Popeye the dog is protecting a SLO County reservoir from these tiny invaders
An 8-year-old chocolate Labrador named Popeye is patrolling Lake Nacimiento this weekend, using his sensitive sniffer to protect the reservoir from a dangerous invader.
He and his friends — Nemo, Captain, Noah and Sinbad — are the Mussel Dogs, a group of Labs, a mutt and a German Shepard specially trained to inspect boats for invasive species and protect California’s waterways from quagga and zebra mussels.
The aquatic hitchhikers, which are native to the lakes of southern Russia and Ukraine, can latch onto boats to move into lakes and rivers, where they wreck havoc on the ecosystem and infrastructure, including boat motors. They’ve spread to hundreds of lakes in dozens of states.
“(Mussels) proliferate like crazy,” said Mark Hutchinson, deputy director of the San Luis Obispo County Public Works Department. “They can reduce the capacity of a pipe and plug it up.”
“They’re filter feeders,” he added. “They remove so much food from the bottom of the food chain, they can essentially cause the other species in the lake to reduce in population.”
Thankfully, the mussels haven’t made their way to San Luis Obispo County lakes yet and hundreds of human volunteers have been trained to assure that they don’t.
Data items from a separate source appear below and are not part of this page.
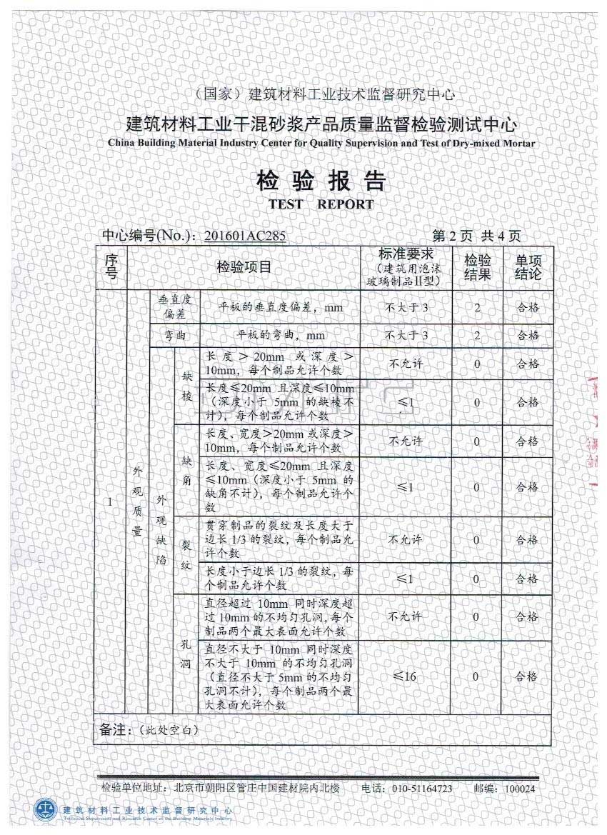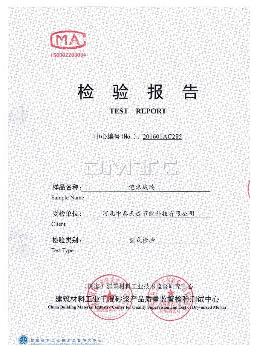 以上是它檢測的全項系數,泡沫玻璃板廠家告訴您一般做單項檢測的就是導熱系數,抗壓強度,這兩項,檢測依據泡沫玻璃板JC/T647-2014《泡沫玻璃絕熱制品》,防火等級區分依據的是GB8624-2012建筑材料及制品燃燒性能分級,如果您還有其它問題請聯系廠家河北中泰天成節能科技有限公司,咨詢電話:18003365866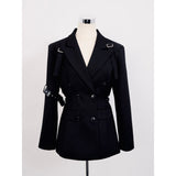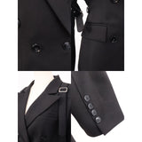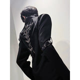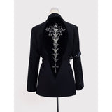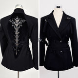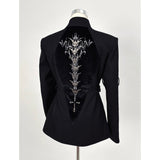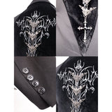 退廃的な美学を纏うゴシックジャケット。フロントは構築的なダブルブレストな仕様。スリーブにはレザーのバックル装飾が施され、無機質な硬質感を演出しています。一方、背面は一転して妖艶なデザイン。タトゥー調刺繍が浮かび上がり、背骨に沿って連なるゴシック調の脊椎パーツが視線を奪います。どこか神秘性と背徳感を漂わせる仕上がりとなっています。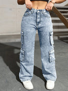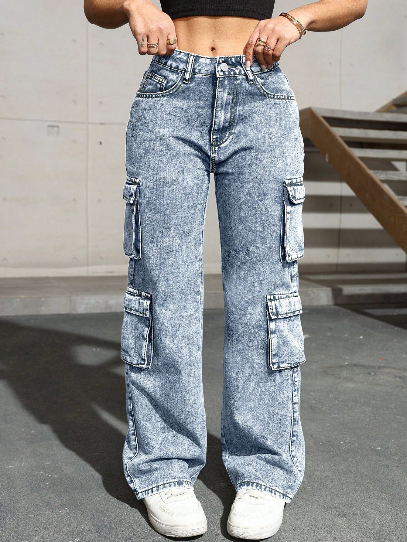 بنطال جينز كارغو جانبي بجيب قلاب، تصميم بسيط وعصري مناسب للإطلالات اليومية غير الرسمية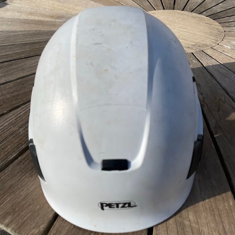 Kask hjelm i limegrøn farve med hvide og sølvfarvede refleksdetaljer. Hjelmen har flere ventilationsåbninger og indvendig polstring for øget komfort. Justerbar rem under hagen sikrer korrekt pasform. Velegnet til klatring og lignende aktiviteter, hvor der kræves hovedbeskyttelse. Giv et bud. Spar 50,- ved afhentning.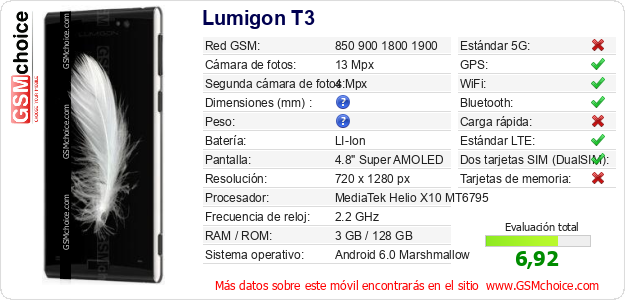 Datos del móvil Lumigon T3 en tu página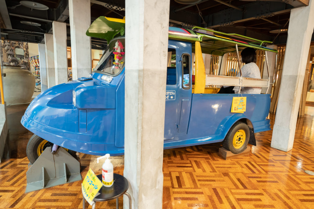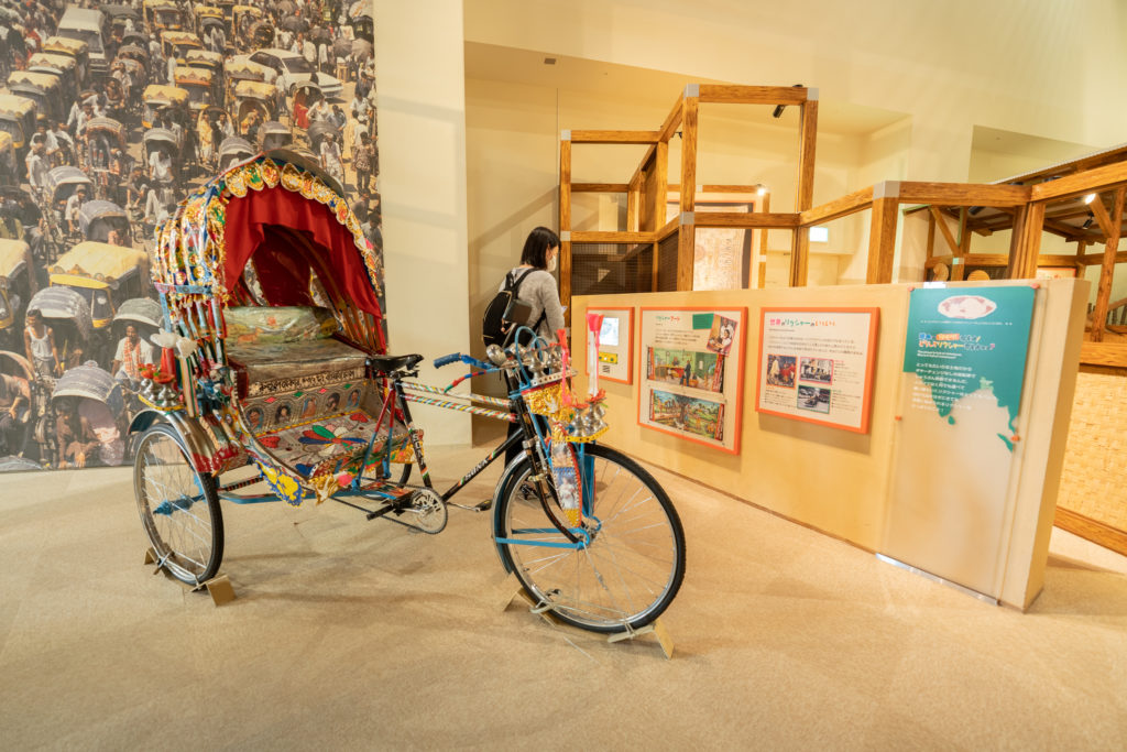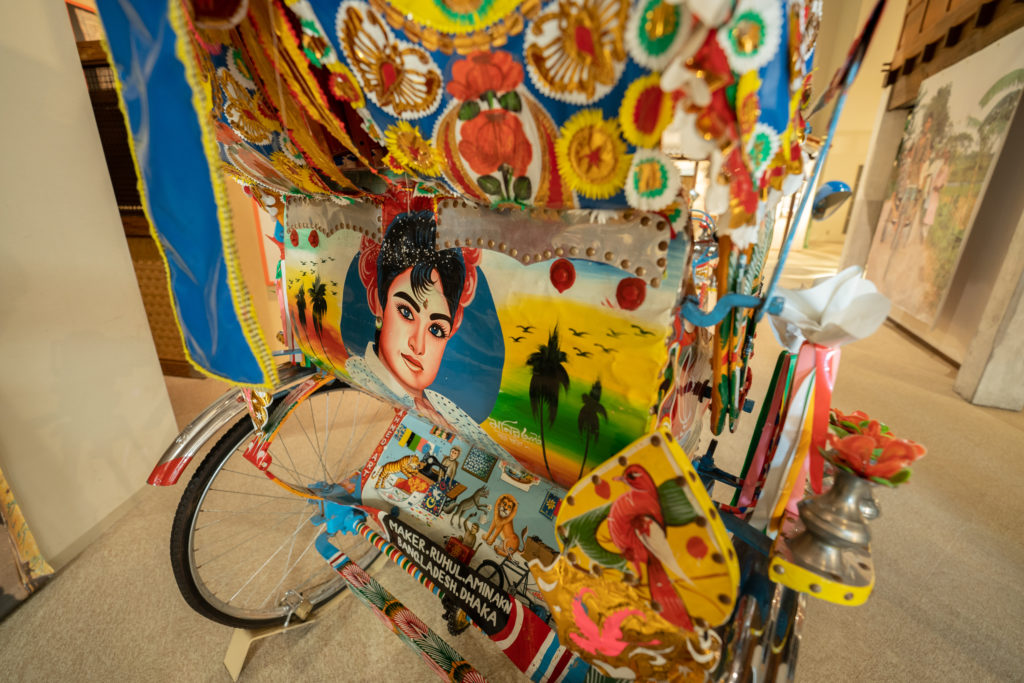 展示室の中で一段とカラフルで目立っていたのが、リクシャーという乗り物。日本の人力車がルーツで、バングラデシュ等で市民の毎日の移動手段として利用されている、いわゆる自転車タクシーです。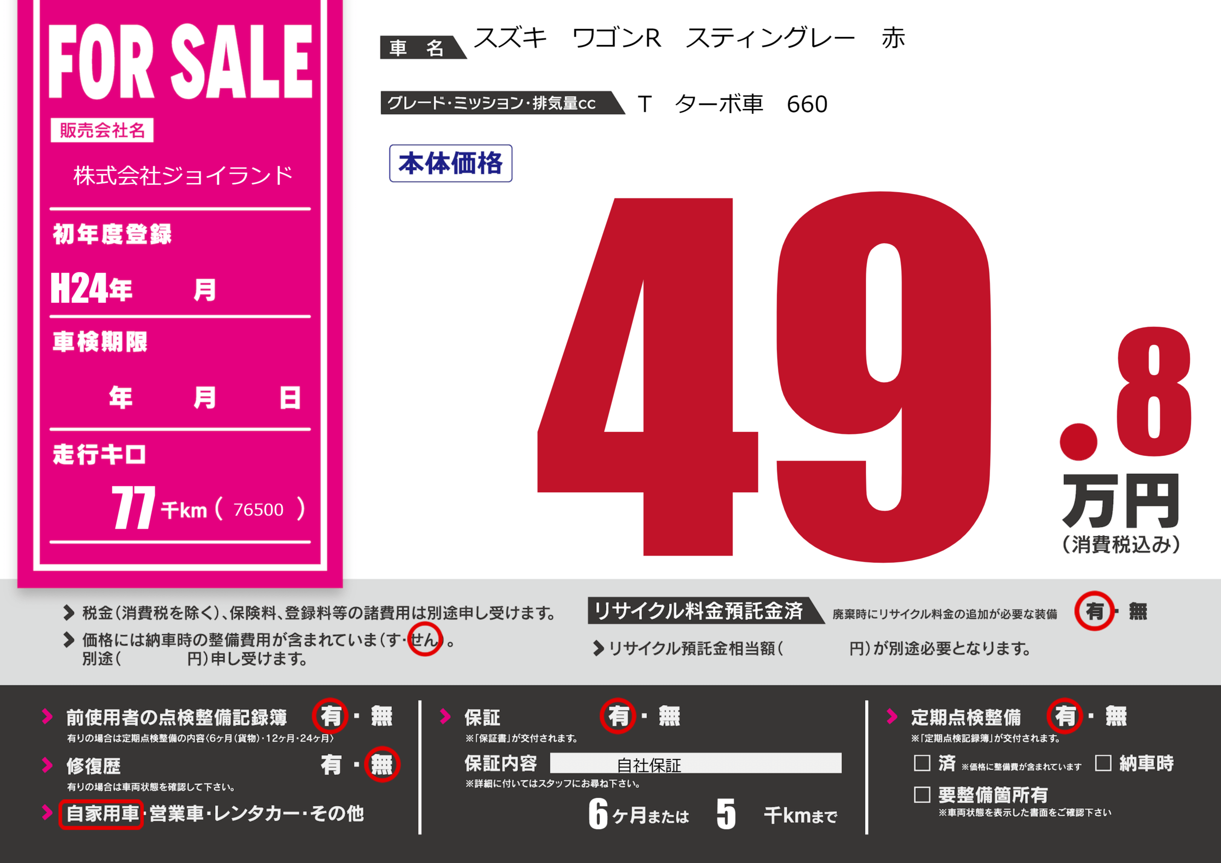 | 車名 | スズキ ワゴンR スティングレー 赤 | グレード ミッション 排気量 |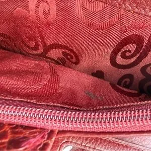 Cute Y2K red leather wallet crossbody with a silver heart clasp and croc embossed flap ❤️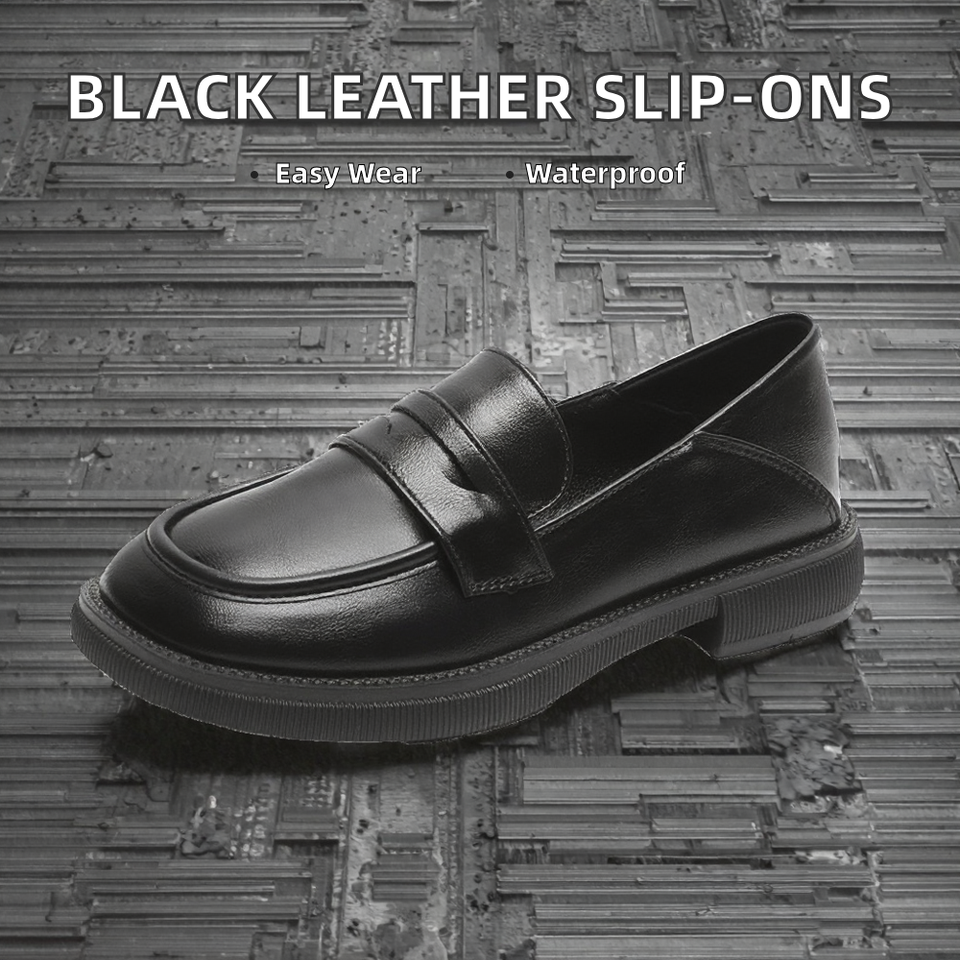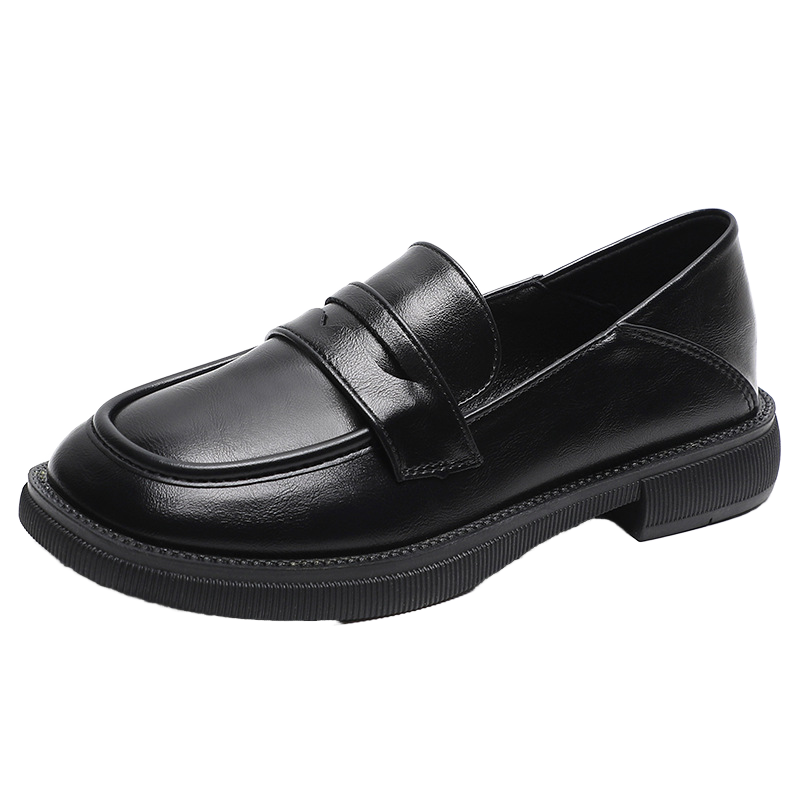 GON22 Women's High Quality Black PU Closed Toe Flat Shoes Fashion Design Slip-On Chunky Loafers Soft Comfortable Spring Summer

Lake Nacimiento is especially high risk for the mollusks, both because of its aquatic environment and because hundreds of boats can launch into the reservoir at more than 40 ramps on summer weekends.
“It only takes one vessel for these guys to come in,” said Danielle Ruedas, San Luis Obispo County’s mussel prevention coordinator. “We preach to everybody — even if a boat hasn’t been on infested waters, it has to be clean, drained and dry.”
Boaters caught on the lake without a signed inspection form could be fined up to $2,000 and charged with a misdemeanor.
Veligers, infant mussels in the microscopic phase, can survive 30 days in a damp environment.
“Once they get in our lake, that’s it,” Ruedas said.
Around 280 volunteers are trained to screen boats entering Lake Nacimiento, which can lead to long wait times on busy weekends.
The work goes faster when the Mussel Dogs are on the job. They were previously at the lake on July 21 and 22.
“Everybody loves the dogs,” said Debi DeShon, who owns the dogs. “Dogs can smell where we can’t see.”